Il dipinto è stato variamente attribuito a Tiziano, Giorgione e Giovanni Bellini, sulla base di alcune caratteristiche stilistiche e compositive.
Lo schema belliniano dell’Imago pietatis e la struggente dolcezza di memoria giorgionesca, deponevano infatti contro la tradizionale attribuzione a Tiziano, avanzata per primo da Cavalcaselle e accettata poi da parecchi conoscitori e critici.
La debolezza dei tratti, l’imprecisione anatomica e la povertà grafica avevano comunque determinato un’ulteriore revisione critica dell’opera, ricondotta da Giovanna Nepi Scirè alla cerchia dei giorgioneschi o dei belliniani. Un’importante conferma di questa nuova lettura è venuta dal recente restauro, grazie al quale è stato possibile recuperare la firma dell’autore, ora identificato con Vittore Belliniano, della laboriosa bottega di Giovanni Bellini.

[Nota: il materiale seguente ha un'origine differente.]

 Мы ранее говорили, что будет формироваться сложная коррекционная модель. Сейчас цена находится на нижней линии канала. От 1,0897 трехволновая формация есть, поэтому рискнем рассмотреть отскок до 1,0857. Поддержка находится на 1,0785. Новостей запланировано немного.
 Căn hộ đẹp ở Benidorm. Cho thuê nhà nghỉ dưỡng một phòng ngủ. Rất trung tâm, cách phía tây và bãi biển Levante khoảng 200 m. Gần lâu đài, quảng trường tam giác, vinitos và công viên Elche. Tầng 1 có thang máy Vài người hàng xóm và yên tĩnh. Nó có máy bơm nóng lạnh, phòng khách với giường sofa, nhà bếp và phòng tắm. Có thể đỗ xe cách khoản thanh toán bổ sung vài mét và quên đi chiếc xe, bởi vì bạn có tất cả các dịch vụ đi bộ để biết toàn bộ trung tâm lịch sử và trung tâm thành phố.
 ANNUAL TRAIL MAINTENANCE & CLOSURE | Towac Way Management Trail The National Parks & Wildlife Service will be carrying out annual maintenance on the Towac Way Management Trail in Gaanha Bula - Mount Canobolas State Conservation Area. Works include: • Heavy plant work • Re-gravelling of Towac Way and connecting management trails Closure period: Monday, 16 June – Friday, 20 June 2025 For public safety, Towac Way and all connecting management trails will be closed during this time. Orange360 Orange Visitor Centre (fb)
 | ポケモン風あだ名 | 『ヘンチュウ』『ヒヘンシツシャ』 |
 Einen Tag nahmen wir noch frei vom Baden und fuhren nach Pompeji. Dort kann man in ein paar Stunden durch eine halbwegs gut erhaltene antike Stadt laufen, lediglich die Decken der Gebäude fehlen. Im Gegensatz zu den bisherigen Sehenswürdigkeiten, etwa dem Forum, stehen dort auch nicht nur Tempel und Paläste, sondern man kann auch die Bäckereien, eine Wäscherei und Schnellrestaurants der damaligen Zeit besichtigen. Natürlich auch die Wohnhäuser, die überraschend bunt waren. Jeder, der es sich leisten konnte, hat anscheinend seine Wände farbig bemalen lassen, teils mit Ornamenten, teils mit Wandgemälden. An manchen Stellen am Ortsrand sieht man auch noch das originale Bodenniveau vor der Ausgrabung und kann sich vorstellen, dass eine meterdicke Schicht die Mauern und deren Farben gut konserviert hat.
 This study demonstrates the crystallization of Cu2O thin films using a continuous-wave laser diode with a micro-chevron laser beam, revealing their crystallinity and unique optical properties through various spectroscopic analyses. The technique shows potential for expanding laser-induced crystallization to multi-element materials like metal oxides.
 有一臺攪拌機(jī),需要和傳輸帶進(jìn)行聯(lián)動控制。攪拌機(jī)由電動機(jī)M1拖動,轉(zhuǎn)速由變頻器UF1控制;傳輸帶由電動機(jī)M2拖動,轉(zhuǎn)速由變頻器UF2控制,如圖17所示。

Il dipinto versava in buone condizioni conservative, grazie a una recente rifoderatura; la presentazione estetica, tuttavia, risultava penalizzata da uno spesso strato di vernice ingiallita e ossidata. Alcune mancanze di colore si localizzavano lungo i bordi; ritocchi pittorici erano visibili sulla palpebra destra, sui capelli e sulla spalla.
Il dipinto è stato quindi sottoposto a un’operazione di pulitura, volta a rimuovere lo strato di vernice alterata attraverso l’impiego di miscele solventi. La successiva reintegrazione pittorica è stata condotta con colori ad acquerello e a vernice, mediante velature in corrispondenza delle abrasioni e delle mancanze, tutte di piccola e media entità, che potevano essere quindi ricostruite nelle forme e nei toni originali.